Ted Turner, the outspoken broadcasting pioneer who launched CNN in 1980, transformed rolling news coverage worldwide and has died aged 87.
The news was confirmed by Turner Enterprises and CNN on Wednesday morning, US time. Turner died surrounded by family, according to a statement from the company overseeing his business interests and investments.
A billionaire businessman, environmentalist and philanthropist, Turner built a sprawling media empire that stretched far beyond news television. Alongside CNN, he founded and owned channels including Cartoon Network, TBS, TNT, and Turner Classic Movies, while also holding stakes in professional sports teams and vast landholdings across the United States.
Known as both “Captain Outrageous” and “The Mouth of the South,” Turner cultivated a reputation as one of the media industry’s most unpredictable and larger-than-life figures.
His blunt delivery and appetite for risk helped define not just his public image, but the aggressive expansion strategy behind Turner Broadcasting.
The man who made news a 24-hour business
Turner’s signature achievement was the creation of CNN, the world’s first 24-hour television news network.
At the time, the concept was widely mocked. Critics derided the channel as the “Chicken Noodle Network” and questioned whether audiences would watch news around the clock. Turner pushed ahead anyway, recruiting journalists and technical crews with the promise of building something entirely new.
The gamble changed television permanently.
CNN’s model, continuous live coverage of wars, political crises, natural disasters and breaking events, became the blueprint for modern rolling news channels worldwide.
The network’s profile surged during the 1990-91 Gulf War, when CNN reporters remained in Baghdad as many other broadcasters withdrew, delivering live coverage that captivated global audiences.
Turner later reflected that his frustration with traditional evening news bulletins had partly inspired the network.
He often worked beyond the nightly broadcast windows of America’s major networks – ABC, CBS and NBC – and saw an opportunity to create a channel where news never signed off.
From billboard business to global media empire
Born Robert Edward Turner III in Cincinnati in 1938, Turner moved to Savannah, Georgia, as a child before later joining his father’s billboard business, Turner Advertising, after being expelled from Brown University.
Following his father’s suicide in 1963, Turner took control of the business and began building what would become Turner Broadcasting.

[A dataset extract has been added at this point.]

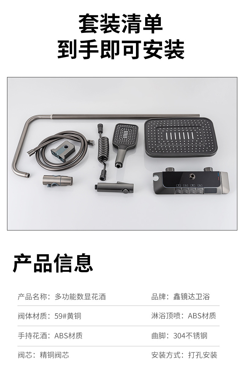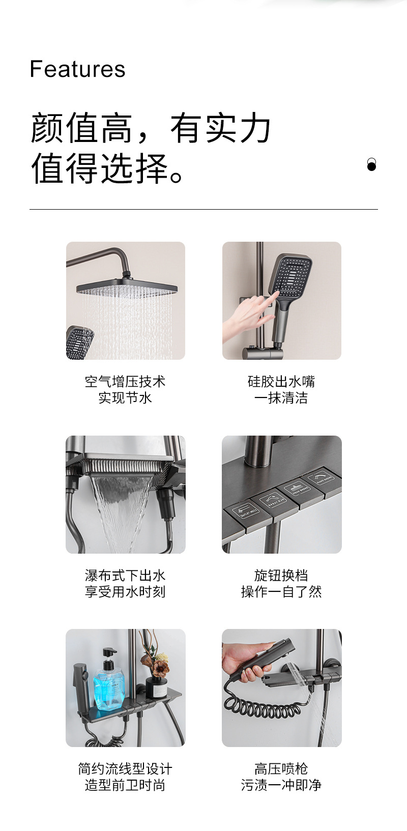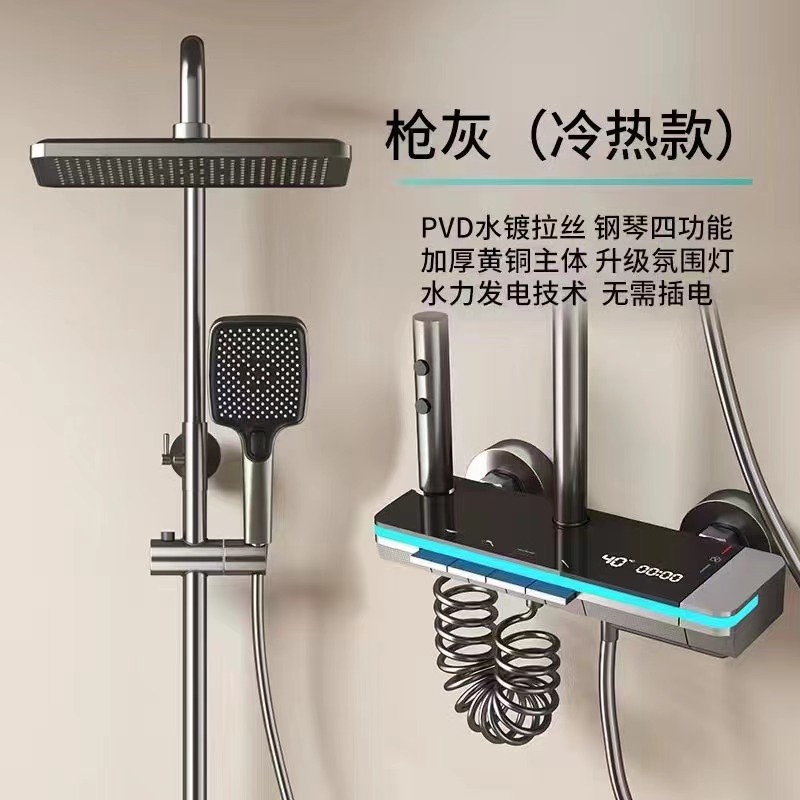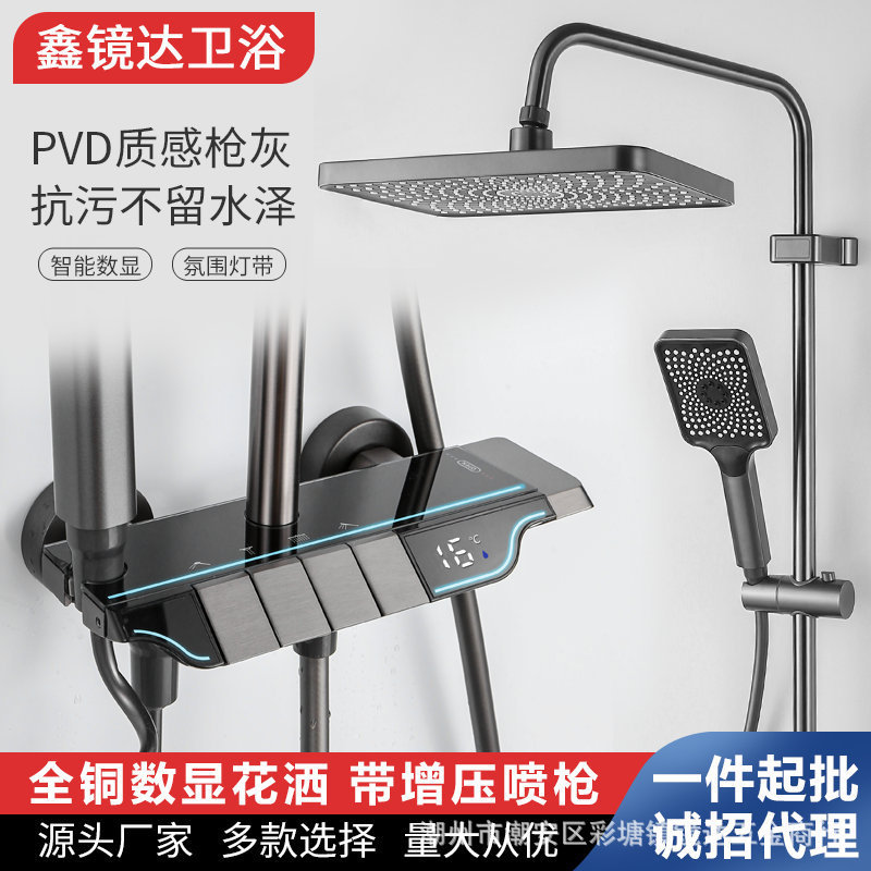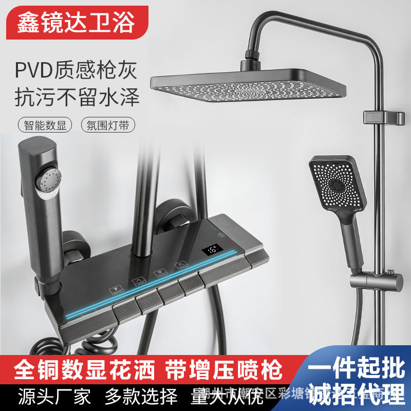 跨境全铜数显淋雨淋浴花洒套装恒温增压淋浴器喷头枪灰热水器厂家
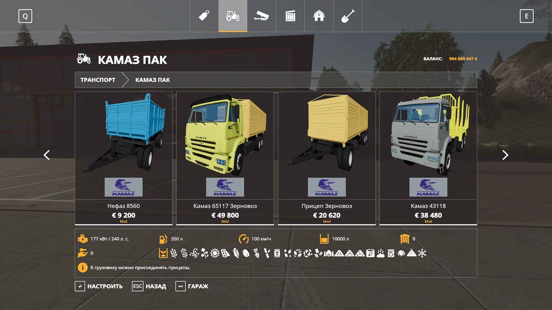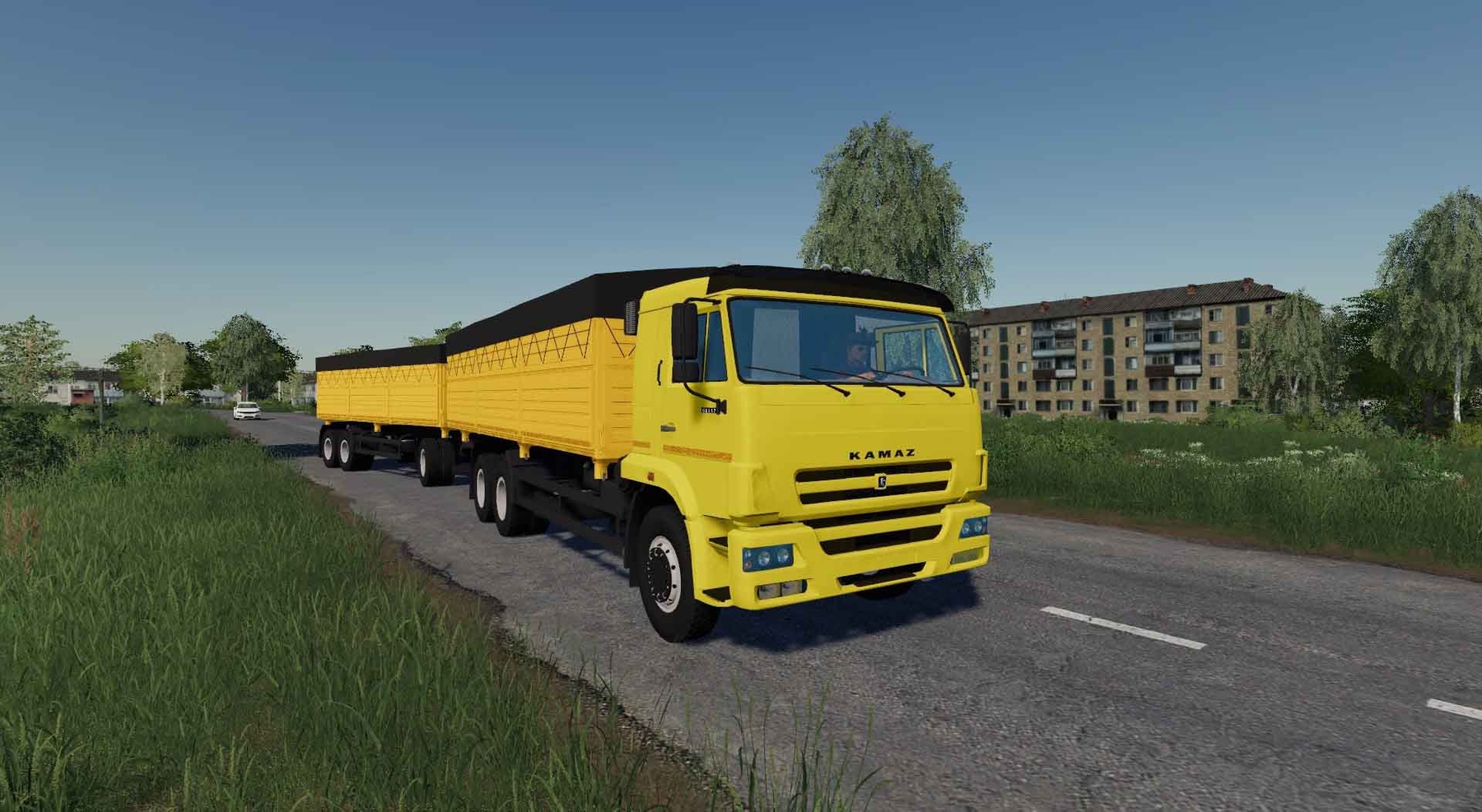 Mod PAK KAMAZ V2.0 for Farming Simulator 2019 The pack includes: - KamAZ-65117 grain truck; - Trailer grain truck; - KamAZ-43118 timber truck; - trailer timber; - KamAZ-54115 tractor; - Semi-trailer grain truck; - Semi-trailer timber truck; - Semi-trailer platform; - Food semitrailer; - KamAZ-53215 barrel; - trailer barrel; - KamAZ-55111 dump truck; - KamAZ-6520 dump truck; - KamAZ-53215 onboard; - KamAZ-6520 ZSK; - Trailer Nefaz-8560; - Tank wagon; - Feldbinder EUT 35.3. Changes v2.0: - Added KamAZ-6520 ZSK. Credits: Eraevgenij, Kerl |

In 1970, he acquired a struggling Atlanta television station and transformed it into the TBS SuperStation, distributing programming nationally via satellite, a move that helped pioneer the superstation television model.
The company later expanded into film and entertainment, including Turner’s debt-fuelled acquisition of Metro-Goldwyn-Mayer assets, which provided the library underpinning channels such as TNT and Turner Classic Movies.
By the time Turner sold Turner Broadcasting to Time Warner in a landmark 1996 deal, he had built a global conglomerate spanning cable television, sport and film.
Turner later described surrendering control of the company as one of his greatest regrets.
“The mistake I made was losing control of the company,” he said.
Tributes flow from across media and politics
US President Donald Trump paid tribute to Turner following news of his death, calling him “one of the Greats of All Time.”
“Whenever I needed him, he was there, always willing to fight for a good cause!” Trump wrote on social media.
President Donald J. Trump on the passing of Ted Turner: pic.twitter.com/OwIwl58CRT
— The White House (@WhiteHouse) May 6, 2026
CNN chief executive Mark Thompson described Turner as “a giant on whose shoulders we stand,” while CNN anchor Christiane Amanpour said Turner “changed not just the world, but all of our lives, too.”
In a family statement, Turner was remembered for his “no-holds-barred delivery, endearing sense of humour, and undying loyalty to those around him.”
“He charmed people he met with his warmth and general lack of conceit, despite his many successes and celebrity.”
A legacy beyond television
Outside media, Turner became one of America’s most prominent philanthropists and conservationists.
He donated $US1 billion to United Nations causes in 1997 and later co-founded the Nuclear Threat Initiative alongside former US senator Sam Nunn.
Turner also amassed millions of acres of ranchland and became one of the largest private landholders in the United States, helping support conservation efforts, including the preservation of bison populations.
In later years, Turner revealed he had been diagnosed with Lewy body dementia and stepped back from public life, focusing increasingly on philanthropy and environmental work.
Still, his influence over modern television remained impossible to ignore.
As Time magazine noted when naming him Man of the Year in 1991, Turner had succeeded in “turning viewers in 150 countries into instant witnesses of history.”